Apart from the images, the records below need to be copied exactly.

════════════════

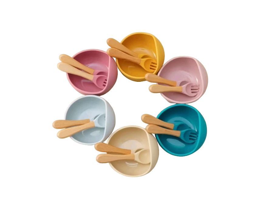 This 3-piece silicone baby feeding bowl set includes a suction bowl, wooden-handled spoon, and fork, designed to support self-feeding and learning. Made from safe, food-grade silicone, the bowl sticks securely to surfaces to reduce spills, while the ergonomic utensils are perfect for little hands. Ideal for babies starting solids, this set combines function, safety, and style for stress-free mealtime.
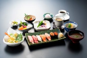 メニューは、和食を初めて味わう人も迷うことなく楽しめるように「おまかせで。」と頼めるようなコースを、ランチ・ディナーそれぞれ3コースずつ展開。ディナーコースの一部には和牛すき焼きをメニューが組み込まれるなど、寿司だけでなく総合的な日本食体験を楽しむことができる工夫が施されています。さらに、京都の地酒をはじめ、多様な銘柄の日本酒が味わえるドリンクメニューも取りそろえられており、飲み比べなども楽しめるとのことです。
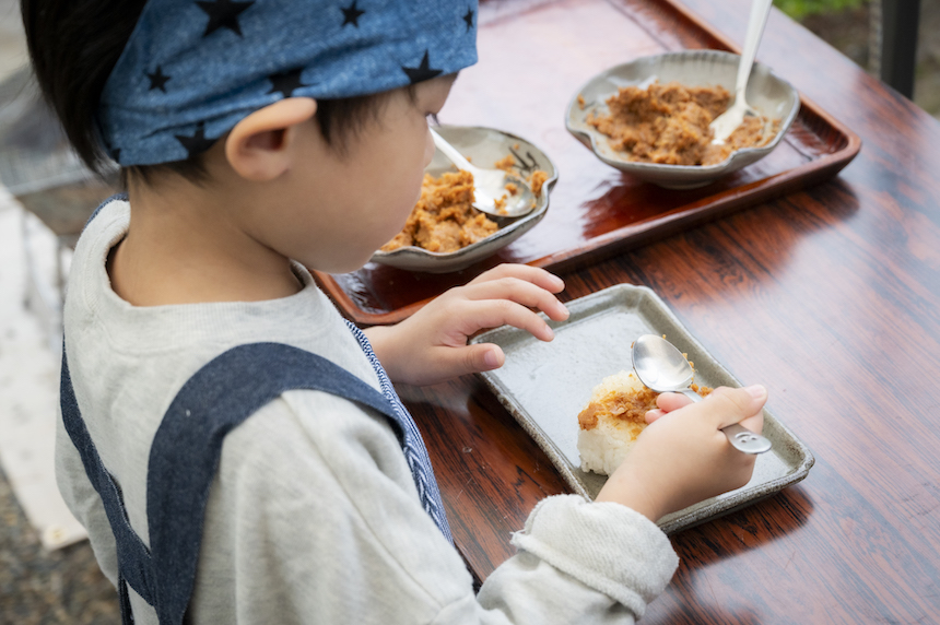 阿部さん自家製の麹味噌はすごく美味しかった!子供たちも興味津々
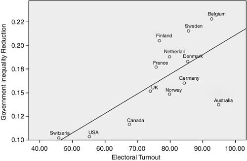 이 때문에 전체적으로 높은 투표율을 기록하는 국가에서는 노동계급, 중하층의 투표율이 높다는 의미임. <높은 투표율 = 중하층과 상층의 투표율 격차 감소>이기 때문에, 투표율이 높은 국가에서 정치인들이 중하층의 니즈에 더 잘 반응하게 됨.
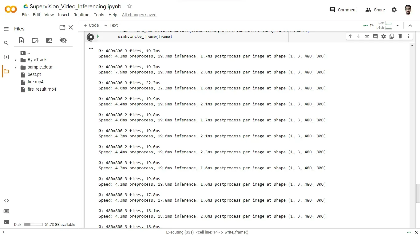A loop iterates through the frames of the source video and visually tracks the progress of frame processing. For each frame, our computer vision model is applied to retrieve predictions of the location of fire. The frame is passed as input to the model, and the results are stored. These results include information about detected objects, and its confidence scores.

════════════════

EXERCISE SOLUTION:
 This 3-piece silicone baby feeding bowl set includes a suction bowl, wooden-handled spoon, and fork, designed to support self-feeding and learning. Made from safe, food-grade silicone, the bowl sticks securely to surfaces to reduce spills, while the ergonomic utensils are perfect for little hands. Ideal for babies starting solids, this set combines function, safety, and style for stress-free mealtime.
 メニューは、和食を初めて味わう人も迷うことなく楽しめるように「おまかせで。」と頼めるようなコースを、ランチ・ディナーそれぞれ3コースずつ展開。ディナーコースの一部には和牛すき焼きをメニューが組み込まれるなど、寿司だけでなく総合的な日本食体験を楽しむことができる工夫が施されています。さらに、京都の地酒をはじめ、多様な銘柄の日本酒が味わえるドリンクメニューも取りそろえられており、飲み比べなども楽しめるとのことです。
 阿部さん自家製の麹味噌はすごく美味しかった!子供たちも興味津々
 이 때문에 전체적으로 높은 투표율을 기록하는 국가에서는 노동계급, 중하층의 투표율이 높다는 의미임. <높은 투표율 = 중하층과 상층의 투표율 격차 감소>이기 때문에, 투표율이 높은 국가에서 정치인들이 중하층의 니즈에 더 잘 반응하게 됨.
A loop iterates through the frames of the source video and visually tracks the progress of frame processing. For each frame, our computer vision model is applied to retrieve predictions of the location of fire. The frame is passed as input to the model, and the results are stored. These results include information about detected objects, and its confidence scores.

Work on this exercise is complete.